Provided material:
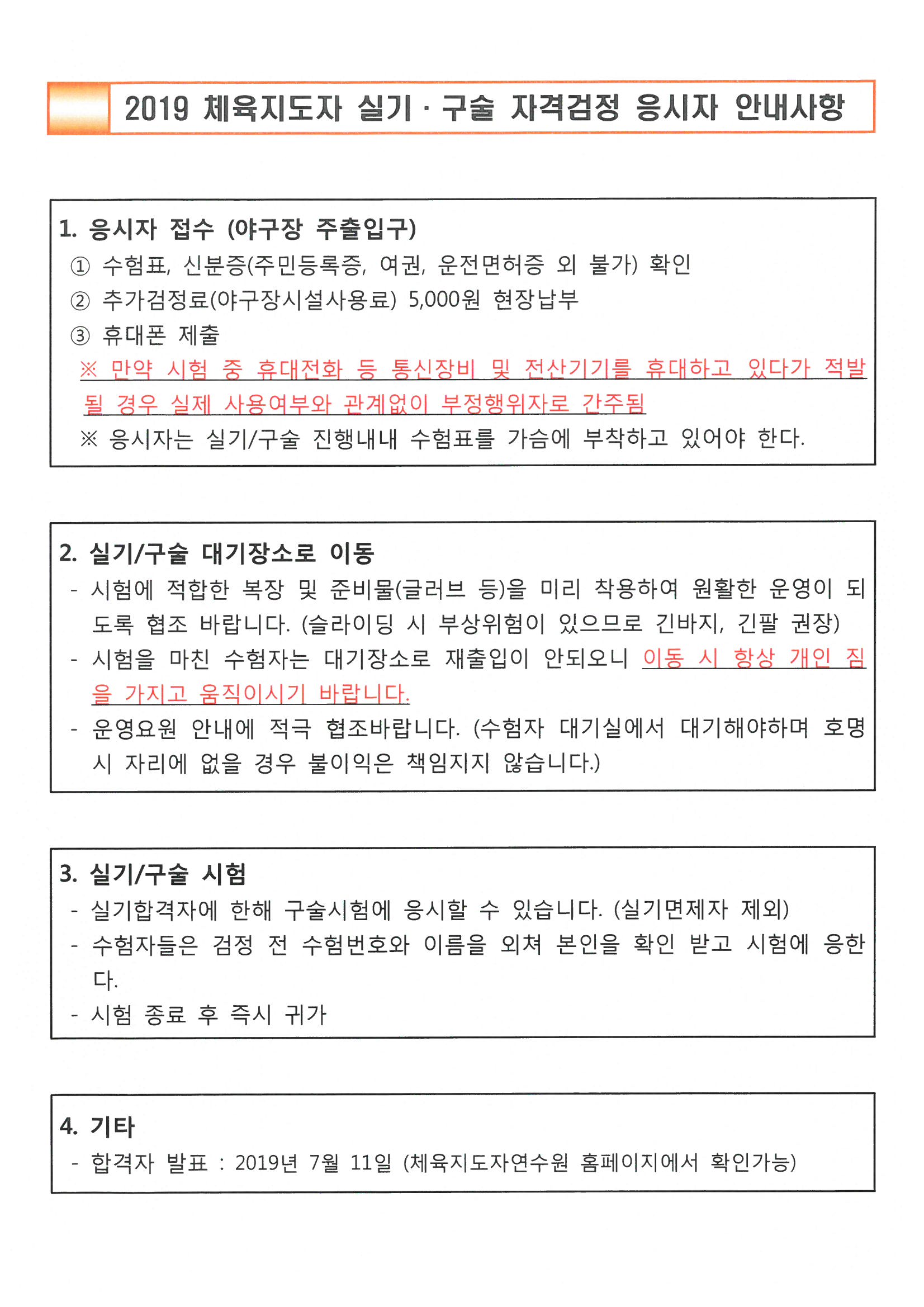2019 체육지도자 실기·구술 자격검정 응시자 안내사항
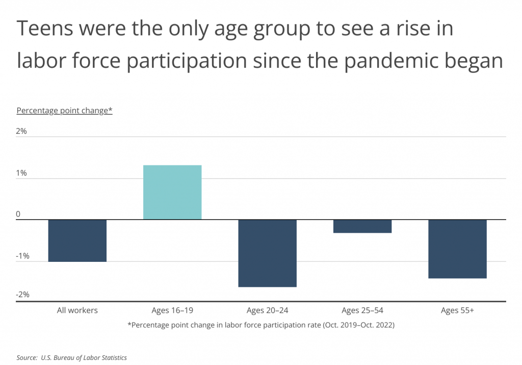While labor force participation across all workers remains about a percentage point lower today than it was immediately before the pandemic, teen labor force participation is actually up by 1.3 percentage points, according to data from the U.S. Bureau of Labor Statistics. In fact, teens were the only age group to see a rise in labor force participation during the pandemic.
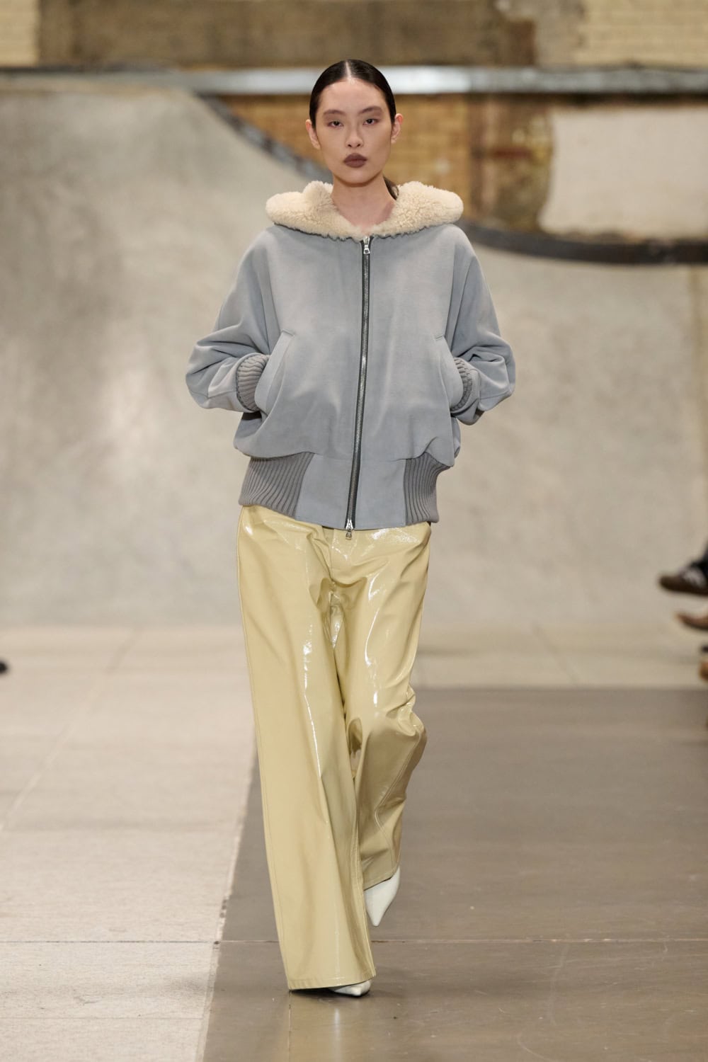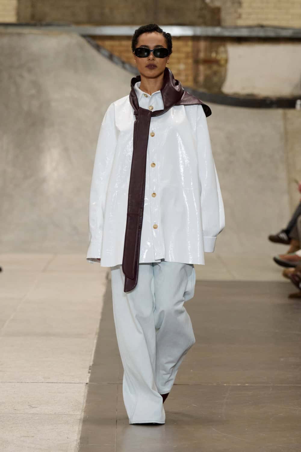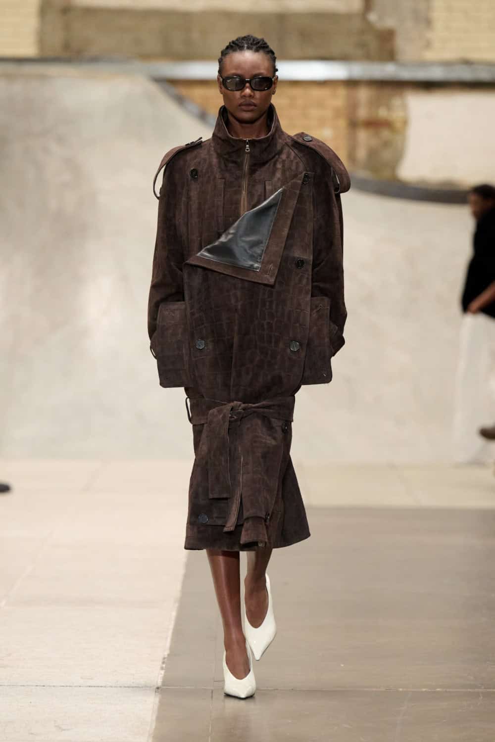 Joining the line-up this season was Traiceline Pratt, a CSM alum behind the brand Goyagoma. His collection was led by a sophisticated design hand that felt already super luxurious. Highlights included a drop-waist trench coat with wide shoulders, in a faded mock-croc print. Elsewhere, a camo parka came with an exaggerated faux fur collar and slacks and oversized T-shirts were cut from glossy  leatherette. These will undoubtedly be big hits with buyers. Get ready to see Pratt soar.

Try it: Each line from the first line of the data above through the one containing "While labor force" must be set down exactly; the pictures must not be.

Exercise answer:
2019 체육지도자 실기·구술 자격검정 응시자 안내사항
While labor force participation across all workers remains about a percentage point lower today than it was immediately before the pandemic, teen labor force participation is actually up by 1.3 percentage points, according to data from the U.S. Bureau of Labor Statistics. In fact, teens were the only age group to see a rise in labor force participation during the pandemic.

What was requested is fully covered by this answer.